> Odrzywolek's result is immediately obvious
This may or may not be true; but the burden of proof should not lay with the reader.
Please provide (in absence of which every reader can draw their own conclusions) a reference which simultaneously:
1) predates Odrzywolek's result
2) and demonstrates the other unary and binary operations typically tacitly assumed can be expressed in terms of a single binary operation and a constant.
(in other news: I can spontaneously levitate, I just don't feel like demonstrating it to you right now...)
Upvoted back to not-greyed-out.
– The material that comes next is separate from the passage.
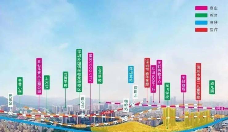◎红山位于深圳北站总部基地中央生活区,是龙华的高品质住宅区域。红山之于深圳北站总部基地,无异于香蜜湖之于福田CBD、后海之于深圳湾超总基地。
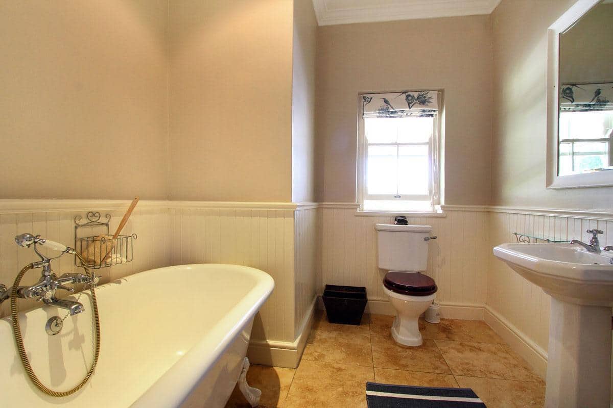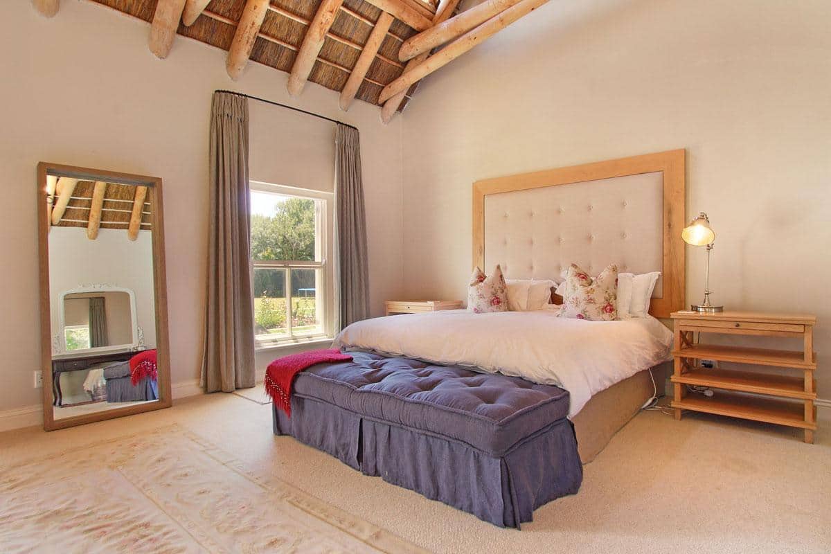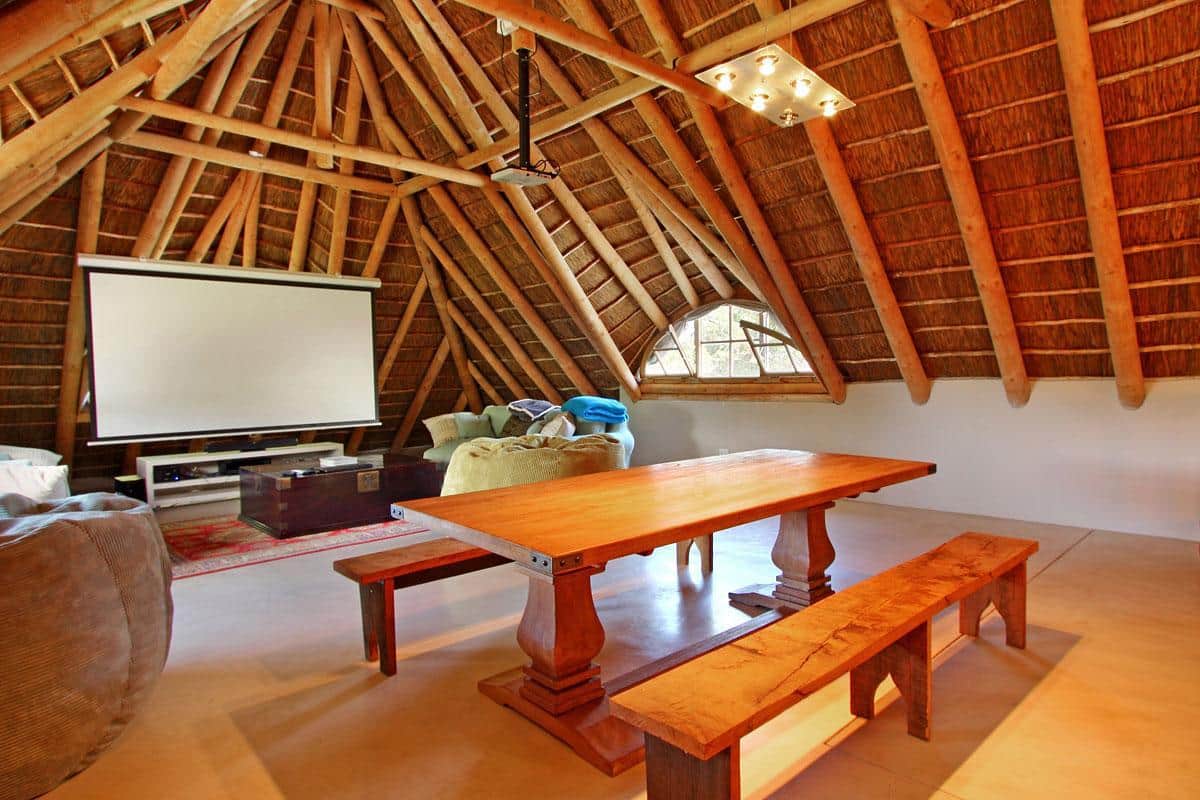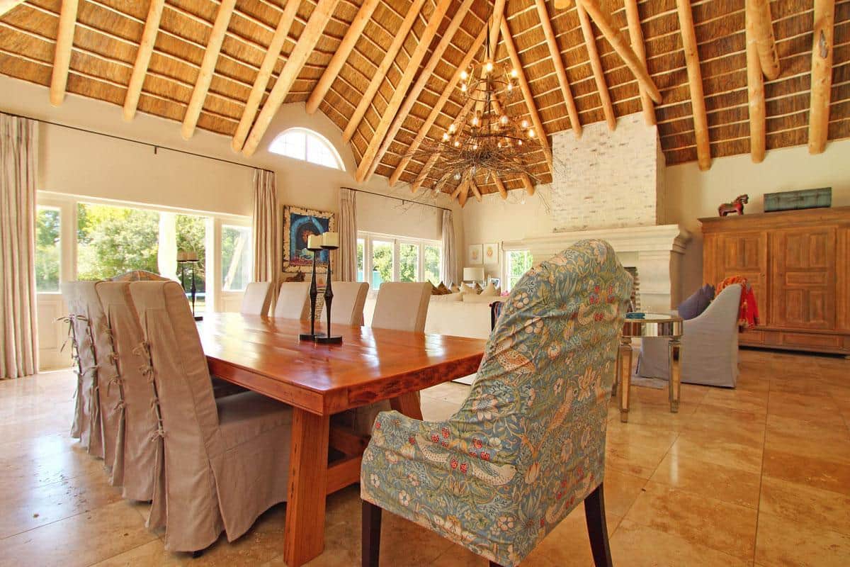 On ground level there you find the main bedroom to the left as you enter. It opens onto the gorgeous garden. It has a separate dressing area and en-suite bathroom. Further down the passage is a study, and then a formal lounge and dining area opening onto the same terrace. A further 3 bedrooms can be found on the south side that share a bathroom and a separate shower room.

You must have struck a nerve.
Questions which have never been asked or answered before, but to which practitioners have immediately obvious answers, are dime a dozen in mathematics.
You can find thousands of such questions on Math StackExchange. Take e.g. [1]: never been asked anywhere else, interesting enough, yet answered pretty much immediately by two separate mathematicians.
"Is there a single constant and function with connected domain that can express all of $\log, \exp, \sin, \dots$?" would have made a fine question there too, the type that gets a thorough answer very quickly if anyone bothers to ask it.
> the burden of proof should not lay with the reader
You were the one who made the claim that "this is one of the most significant discoveries in years". Feel free to substantiate that claim first, according to the same standards. Are there any authors who ask this question, and/or suggest that they don't know an answer?